> _Exercise data_
++++++++
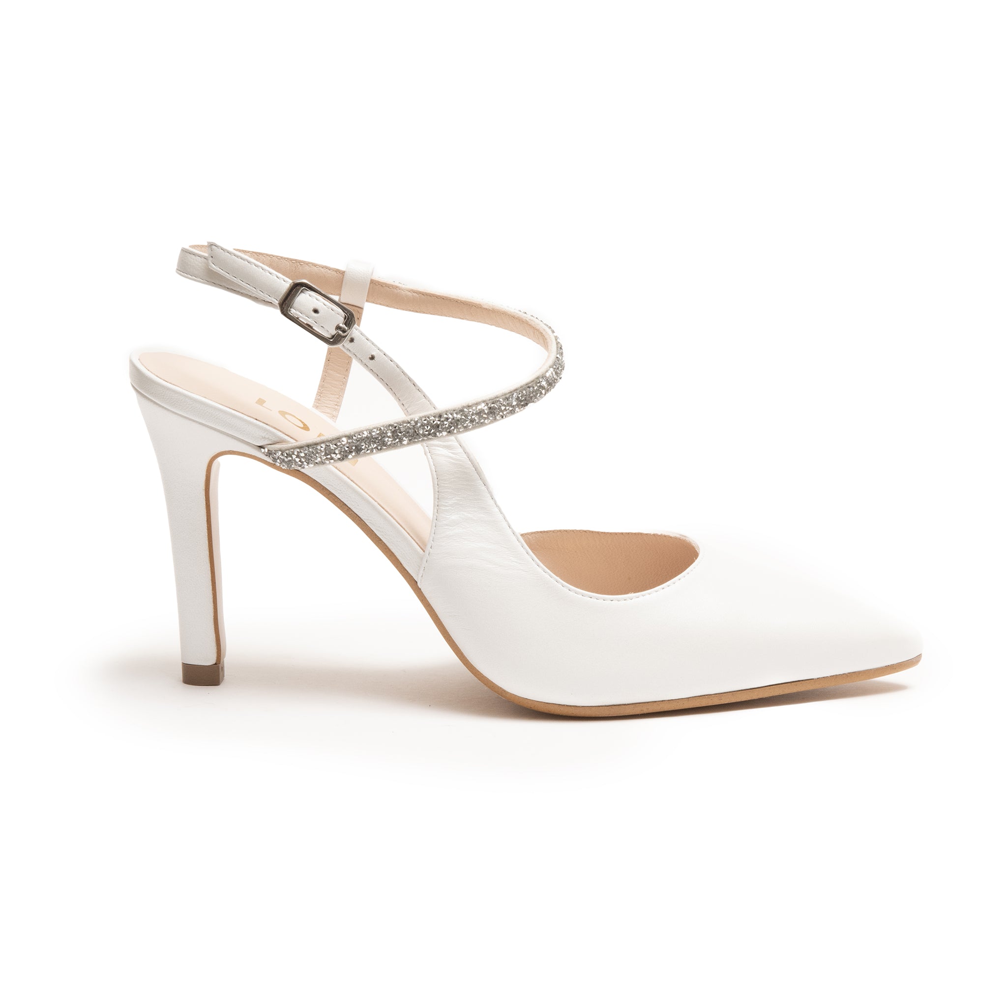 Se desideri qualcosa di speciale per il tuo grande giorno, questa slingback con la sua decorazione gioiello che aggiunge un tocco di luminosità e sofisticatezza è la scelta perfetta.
++++++++
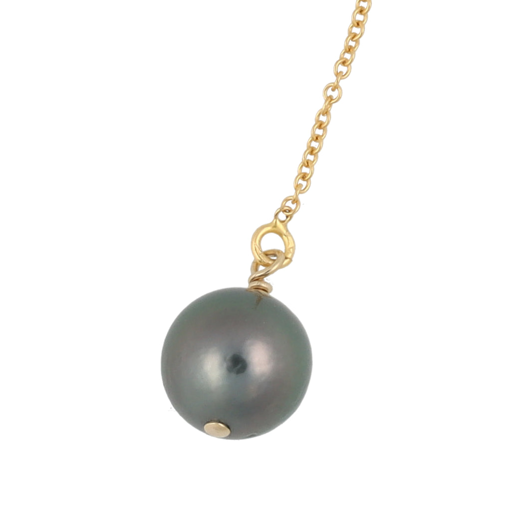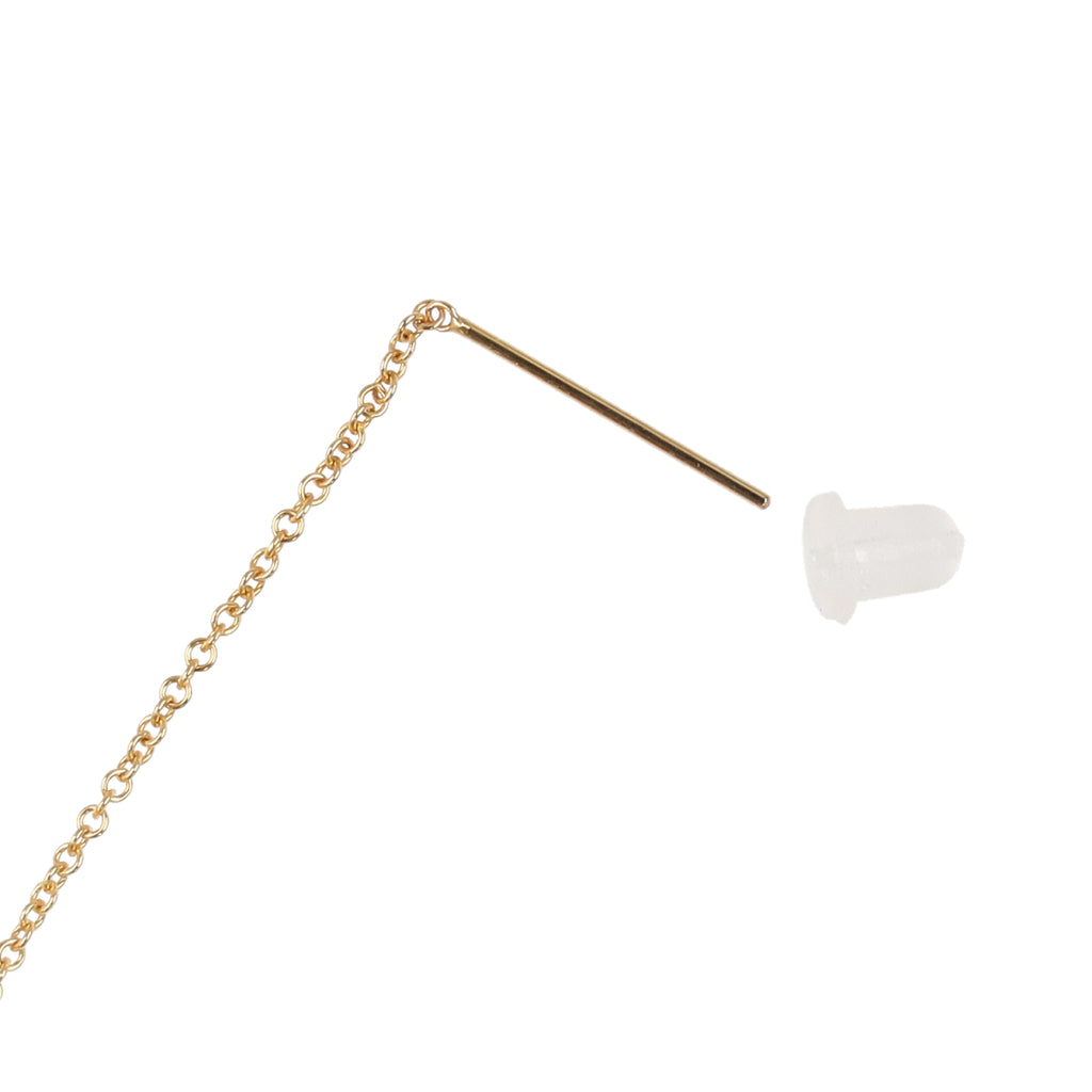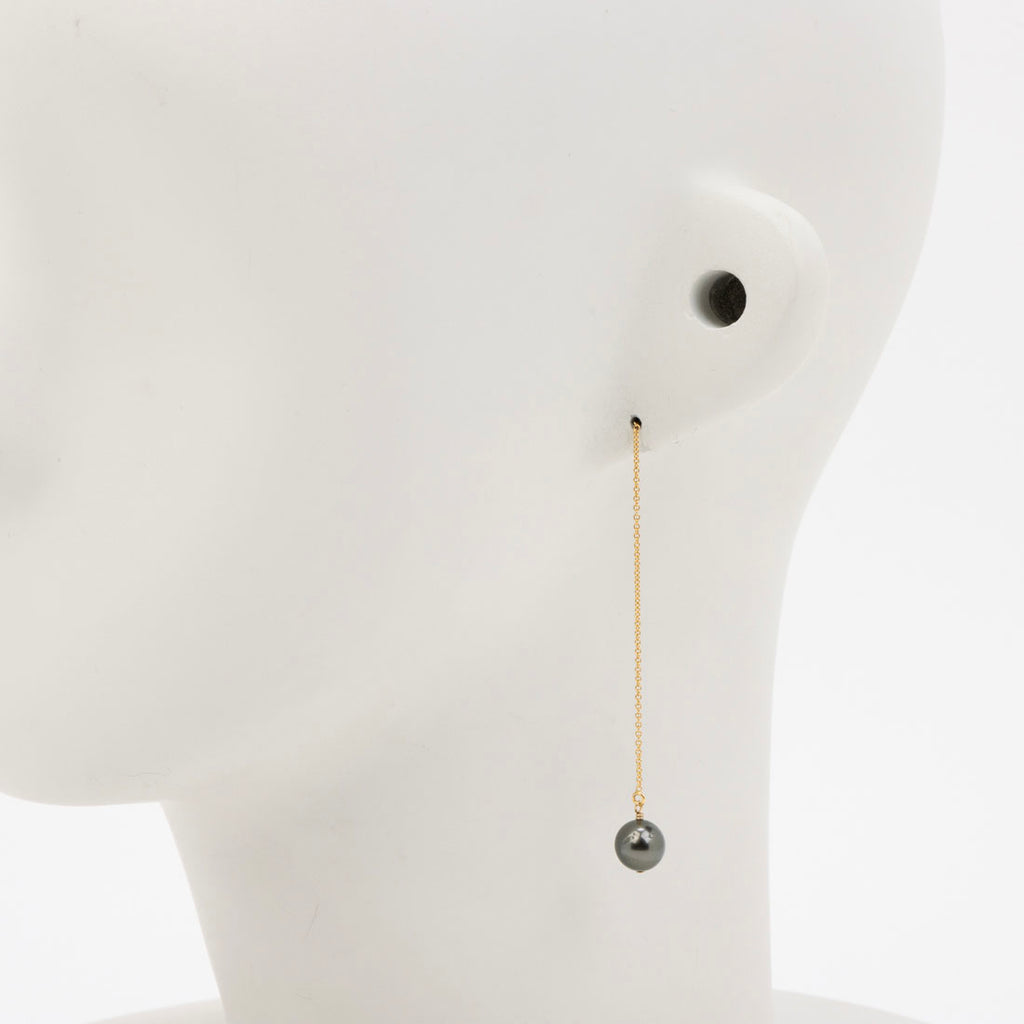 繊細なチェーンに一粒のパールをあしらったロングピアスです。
++++++++
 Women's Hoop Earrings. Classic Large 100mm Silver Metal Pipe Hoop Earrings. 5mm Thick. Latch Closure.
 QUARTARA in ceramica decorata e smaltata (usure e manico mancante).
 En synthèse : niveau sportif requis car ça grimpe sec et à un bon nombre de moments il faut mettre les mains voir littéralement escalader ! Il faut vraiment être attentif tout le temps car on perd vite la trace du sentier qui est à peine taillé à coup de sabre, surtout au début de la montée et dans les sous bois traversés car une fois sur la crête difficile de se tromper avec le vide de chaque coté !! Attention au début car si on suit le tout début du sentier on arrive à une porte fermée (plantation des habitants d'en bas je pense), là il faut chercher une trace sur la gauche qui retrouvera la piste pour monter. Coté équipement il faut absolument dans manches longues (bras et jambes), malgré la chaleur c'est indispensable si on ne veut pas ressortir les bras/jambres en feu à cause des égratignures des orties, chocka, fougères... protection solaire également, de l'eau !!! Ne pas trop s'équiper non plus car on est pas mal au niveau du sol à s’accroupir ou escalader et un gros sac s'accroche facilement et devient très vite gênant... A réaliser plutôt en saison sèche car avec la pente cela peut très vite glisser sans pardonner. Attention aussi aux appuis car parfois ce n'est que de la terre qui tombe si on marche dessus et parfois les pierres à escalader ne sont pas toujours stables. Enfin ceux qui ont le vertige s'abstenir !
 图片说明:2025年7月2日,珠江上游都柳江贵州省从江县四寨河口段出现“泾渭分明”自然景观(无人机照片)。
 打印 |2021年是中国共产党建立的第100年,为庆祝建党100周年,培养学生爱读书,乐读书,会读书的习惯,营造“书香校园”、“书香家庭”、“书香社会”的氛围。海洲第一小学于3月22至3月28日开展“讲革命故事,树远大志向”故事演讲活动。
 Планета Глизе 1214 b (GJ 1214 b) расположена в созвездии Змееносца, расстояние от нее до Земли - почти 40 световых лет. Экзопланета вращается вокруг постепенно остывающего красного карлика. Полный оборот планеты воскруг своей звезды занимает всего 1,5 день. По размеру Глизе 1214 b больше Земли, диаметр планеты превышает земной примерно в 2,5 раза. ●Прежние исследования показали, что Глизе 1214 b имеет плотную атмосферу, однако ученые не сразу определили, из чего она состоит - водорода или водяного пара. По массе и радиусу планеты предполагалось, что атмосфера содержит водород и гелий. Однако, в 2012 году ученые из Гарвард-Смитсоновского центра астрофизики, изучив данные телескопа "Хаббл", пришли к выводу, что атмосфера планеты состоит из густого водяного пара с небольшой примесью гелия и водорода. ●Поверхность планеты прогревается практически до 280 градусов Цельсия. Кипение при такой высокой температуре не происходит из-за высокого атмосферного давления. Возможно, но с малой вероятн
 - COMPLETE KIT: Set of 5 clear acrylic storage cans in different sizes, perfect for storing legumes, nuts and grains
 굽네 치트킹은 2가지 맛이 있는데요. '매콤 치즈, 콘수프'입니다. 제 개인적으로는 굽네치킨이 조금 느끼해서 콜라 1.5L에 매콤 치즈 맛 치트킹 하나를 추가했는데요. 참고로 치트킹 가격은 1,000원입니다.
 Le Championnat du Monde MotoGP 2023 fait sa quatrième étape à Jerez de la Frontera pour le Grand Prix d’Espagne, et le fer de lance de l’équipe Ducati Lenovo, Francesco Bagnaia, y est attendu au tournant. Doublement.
++++++++
> _Exercise_
Using the entries above, repeat only the lines from the one containing "Планета Глизе 1214" through the one containing "- COMPLETE KIT: Set", end lines included.

> _Result below_
 Планета Глизе 1214 b (GJ 1214 b) расположена в созвездии Змееносца, расстояние от нее до Земли - почти 40 световых лет. Экзопланета вращается вокруг постепенно остывающего красного карлика. Полный оборот планеты воскруг своей звезды занимает всего 1,5 день. По размеру Глизе 1214 b больше Земли, диаметр планеты превышает земной примерно в 2,5 раза. ●Прежние исследования показали, что Глизе 1214 b имеет плотную атмосферу, однако ученые не сразу определили, из чего она состоит - водорода или водяного пара. По массе и радиусу планеты предполагалось, что атмосфера содержит водород и гелий. Однако, в 2012 году ученые из Гарвард-Смитсоновского центра астрофизики, изучив данные телескопа "Хаббл", пришли к выводу, что атмосфера планеты состоит из густого водяного пара с небольшой примесью гелия и водорода. ●Поверхность планеты прогревается практически до 280 градусов Цельсия. Кипение при такой высокой температуре не происходит из-за высокого атмосферного давления. Возможно, но с малой вероятн
 - COMPLETE KIT: Set of 5 clear acrylic storage cans in different sizes, perfect for storing legumes, nuts and grains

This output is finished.